Instead of it learning that the black square represented the exit, it got inadvertently trained to always go to the bottom right corner of the screen.
Ok, so you update your training data: This time, the exit doesn't stay in one place. You re-train your model, it passes all the tests: It always makes it to the exit.You make it live and, oops, somebody in the real world made a maze where the exit is represented by a purple square, not a black one. The AI, fails at its task at finding the exit.So you can back and update your training data to include purple squares, and so on.
This is a problem that basically goes on forever. The real world is forever changing, and if the AI can't learn or understand things, then you have to keep writing more detailed goal algorithms.
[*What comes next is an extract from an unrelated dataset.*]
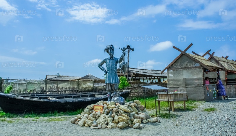 Пейзаж с металлической скульптурой и людьми в Атамани
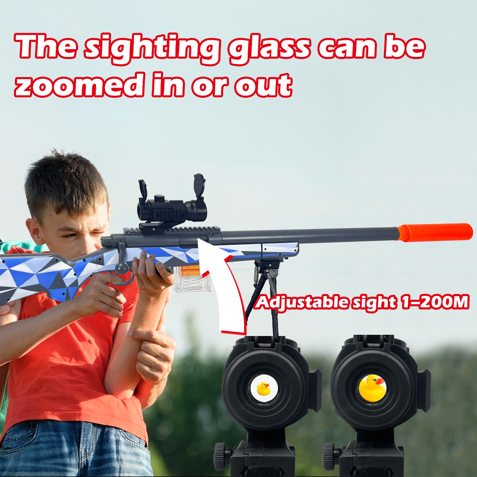 - M24 Toy Gun: Includes a toy gun, 21 shells, 40 softballs, a loader, bipod, and a sniper scope. This is a softball gun. Each cartridge can carry one softball. This toy gun is manual. It can be loaded with up to 4 rounds, and you will need to re-add softballs after 4 consecutive rounds.

Ok, so what does Bill Gates think will work?
Although some researchers think hallucinations are an inherent problem, I don’t agree. I’m optimistic that, over time, AI models can be taught to distinguish fact from fiction. OpenAI, for example, is doing promising work on this front.
Q: What happens when you break a mirror?
You get two different answers to rate. Which one is better?
A: You get seven years of back luck.
A: You need to buy a new mirror.
Despite making significant progress, our InstructGPT models are far from fully aligned or fully safe; they still generate toxic or biased outputs, make up facts, and generate sexual and violent content without explicit prompting.
Doesn't sound that "promising" to me, Bill.
What are we doing right now?
5. Oh, and one final thing, it's going to get worse
One of the problems of using pre-trained generative AIs is that the world is constantly changing. Someone who was alive when neural network was trained, might be dead by the time it's open to the public. At the moment, LLMs like ChatGPT are months, if not years, behind current events.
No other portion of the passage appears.